Not yet, but gcc can be built starting from Mes and a few bootstrap binaries (xz, bash, tar, etc): https://bootstrappable.org/projects/mes.html - and that initial version of gcc is 2.95.3, which does have C++ support.
...and there's work being done towards building Mes with M2-Planet (another C compiler by the same author as stage0): https://www.gnu.org/software/mes/
(Although I think the Guix project has shifted to an approach that starts with Scheme instead these days; they have a Scheme implementation of most of those bootstrap binaries now in the form of Gash and Gash Core Utils: https://guix.gnu.org/en/blog/2020/guix-further-reduces-boots....)
In any case, if you can connect the two, and it feels like that's very close at this point, you've got a bootstrap path from that basic assembler to gcc, and from there to... well, the rest of the distro.

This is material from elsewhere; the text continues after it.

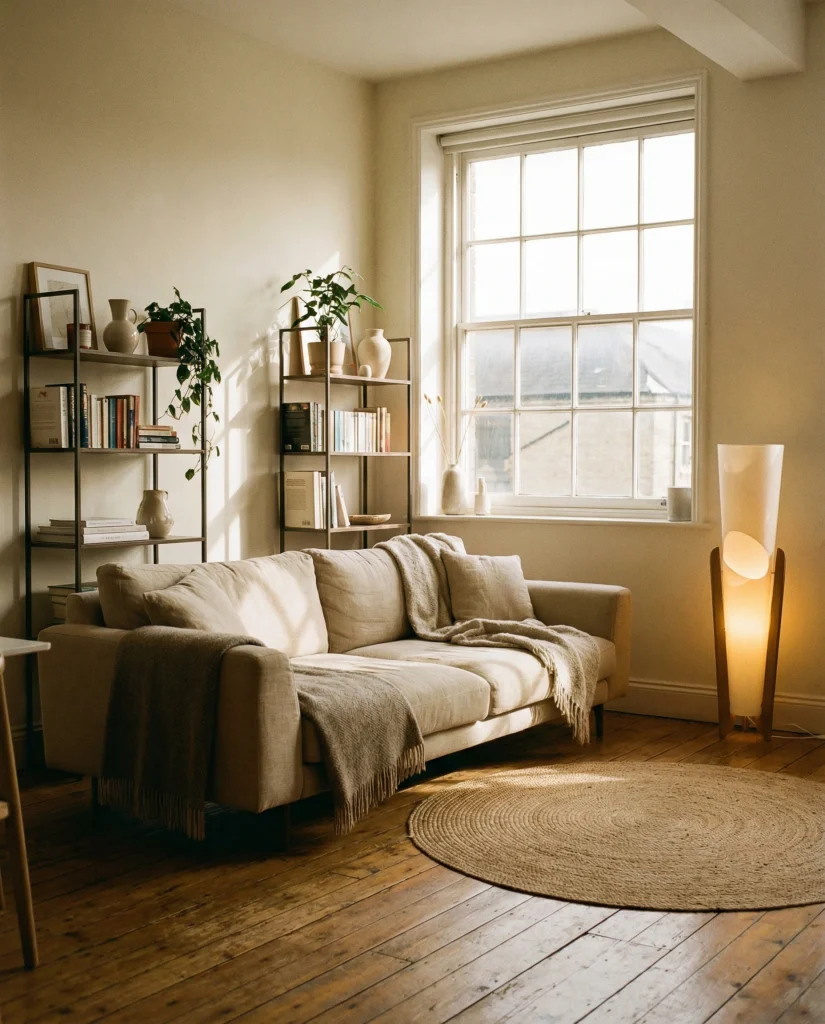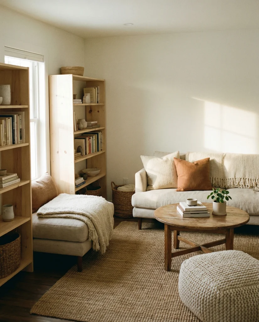 In many U.S. apartments, homeowners love using a single corner to carve out purpose. This layout works best when the main seating is pushed to one side so the books become an anchor instead of clutter. A small lamp and a tonal throw create the final cozy layer.

>Beyond that, as you can tell from your graph there’s an enormous amount of code that’s part of a build from a large amount of projects. Explode that by a factor of 100000x to get the number of lines of code. So even once you’ve proven the source matches the binary, you are still trusting that the source code is of a trustworthy nature in the first place. You can move the trust required around and in some cases reduce it, but ultimately you’re trusting a lot of people and code (heck you’re trusting the good will of general OSS to validate the source itself isn’t malicious).
Of course, yes, this is a problem. At least once you're able to bootstrap entirely from source you can be pretty confident that the source code you're looking at is what's in the binaries on disk. But yes, that doesn't solve the problem of having a ton of code to review if you need to review it.
More generally each language would need it’s own path from this basic assembler to a compiler implementing that language in C which doesn’t necessarily exist. While initial versions of the Rust compiler were written in C, more recent versions are self hosted and rely on the previous version. This goes for projects like LLVM too since it requires a c++14 compiler to start with.
A better approach is to figure out how to cross compile stage0 and how to make sure the cross compilation step can be trusted. Going the approach of trying to build a “trusted” path from source is noble but IMO ultimately futile.
This is what I mean when I say this as an unsolved problem. It may be getting better but there are fundamental unsolved challenges to this exploration and very little guarantee the task can be accomplished in the first place (ie no mathematical theory that might present a path to follow rather than just trying to accomplish it through sheer effort). Some small part of the problem might get solved but that’s very different from saying that any package will be verifiable in this way.